__Your task__: An exact copy of the data is needed, but without any of its images.

__Material provided__:
• • • •

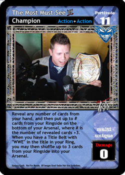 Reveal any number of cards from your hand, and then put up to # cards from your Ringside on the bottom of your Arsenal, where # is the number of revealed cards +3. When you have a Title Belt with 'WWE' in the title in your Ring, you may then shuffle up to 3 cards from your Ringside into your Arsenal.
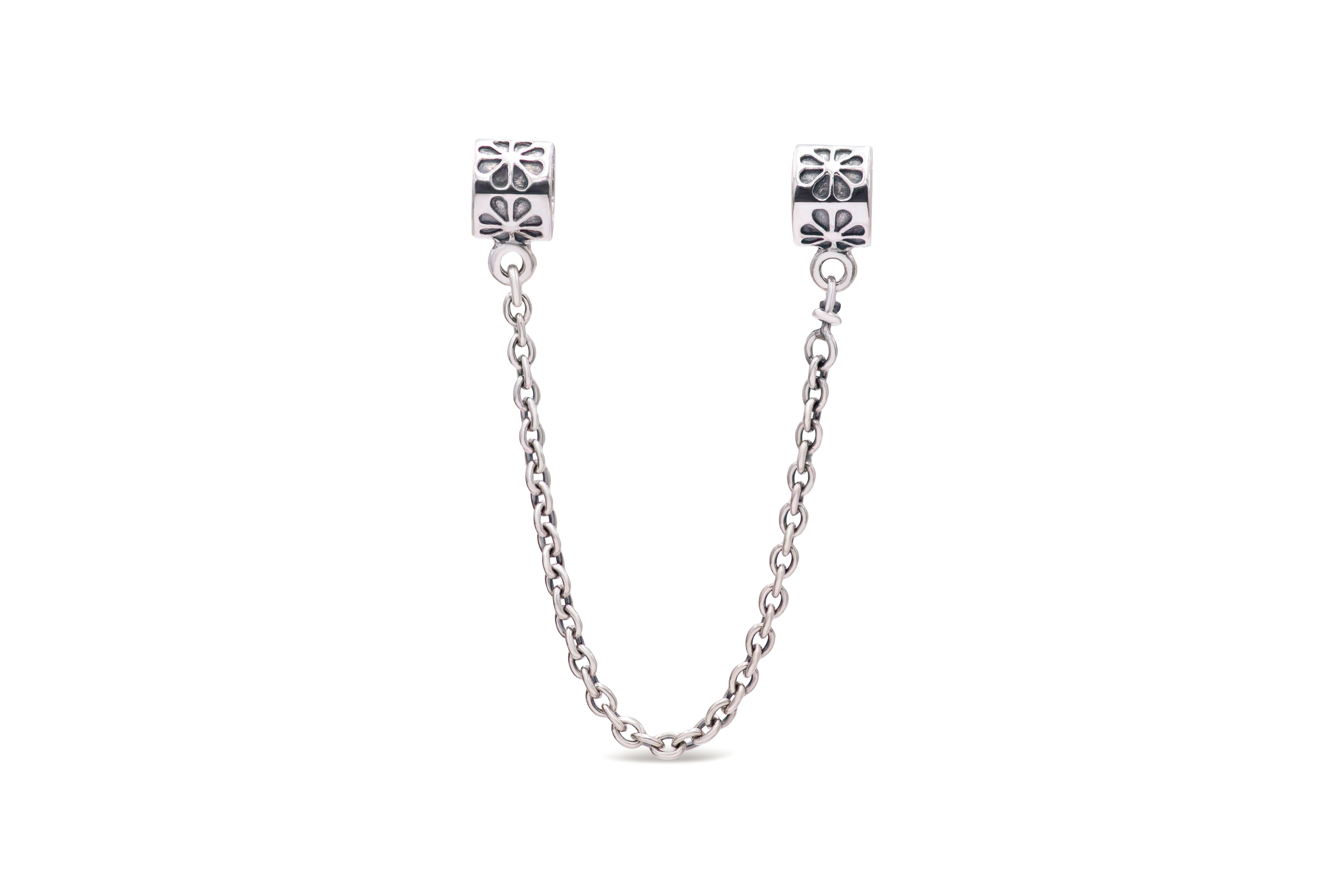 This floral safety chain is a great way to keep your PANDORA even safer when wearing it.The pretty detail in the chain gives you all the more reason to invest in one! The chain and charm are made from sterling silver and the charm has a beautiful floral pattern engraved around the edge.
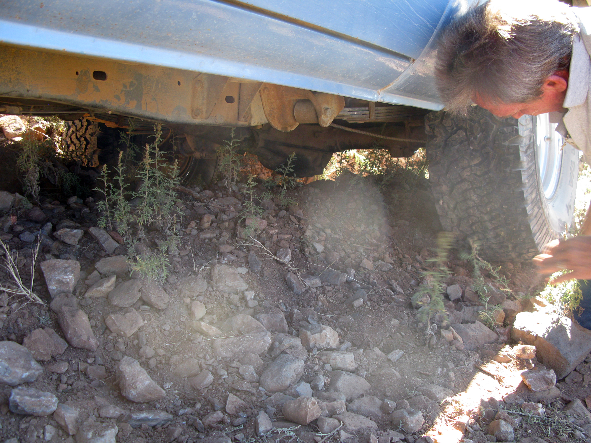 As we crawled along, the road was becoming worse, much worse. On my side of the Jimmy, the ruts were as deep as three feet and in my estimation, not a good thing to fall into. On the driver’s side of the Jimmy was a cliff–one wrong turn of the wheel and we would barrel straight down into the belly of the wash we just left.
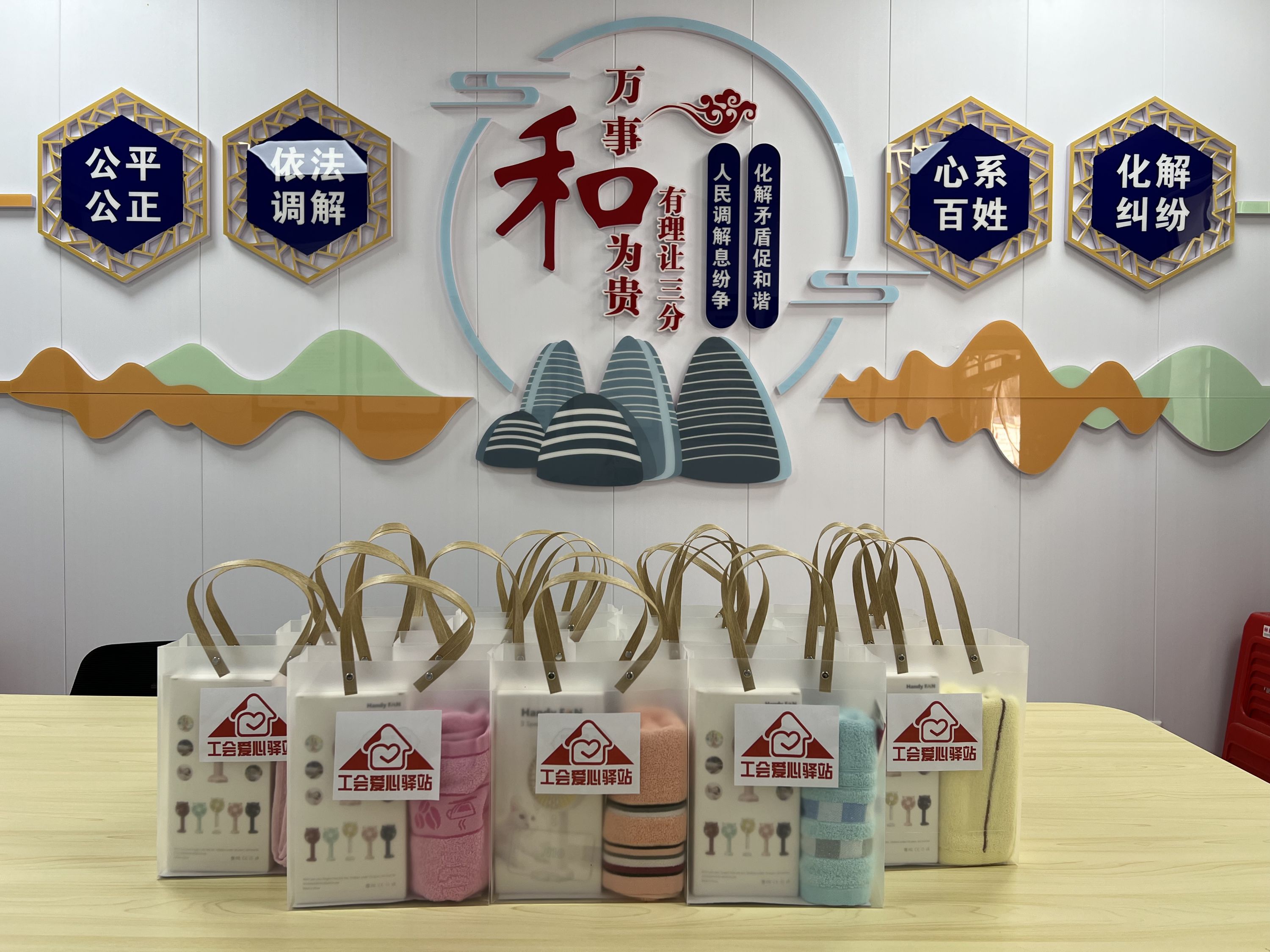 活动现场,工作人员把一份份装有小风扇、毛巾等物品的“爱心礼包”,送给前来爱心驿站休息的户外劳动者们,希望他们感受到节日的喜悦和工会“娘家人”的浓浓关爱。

• • • •

__Task result__:
 Reveal any number of cards from your hand, and then put up to # cards from your Ringside on the bottom of your Arsenal, where # is the number of revealed cards +3. When you have a Title Belt with 'WWE' in the title in your Ring, you may then shuffle up to 3 cards from your Ringside into your Arsenal.
 This floral safety chain is a great way to keep your PANDORA even safer when wearing it.The pretty detail in the chain gives you all the more reason to invest in one! The chain and charm are made from sterling silver and the charm has a beautiful floral pattern engraved around the edge.
 As we crawled along, the road was becoming worse, much worse. On my side of the Jimmy, the ruts were as deep as three feet and in my estimation, not a good thing to fall into. On the driver’s side of the Jimmy was a cliff–one wrong turn of the wheel and we would barrel straight down into the belly of the wash we just left.
 活动现场,工作人员把一份份装有小风扇、毛巾等物品的“爱心礼包”,送给前来爱心驿站休息的户外劳动者们,希望他们感受到节日的喜悦和工会“娘家人”的浓浓关爱。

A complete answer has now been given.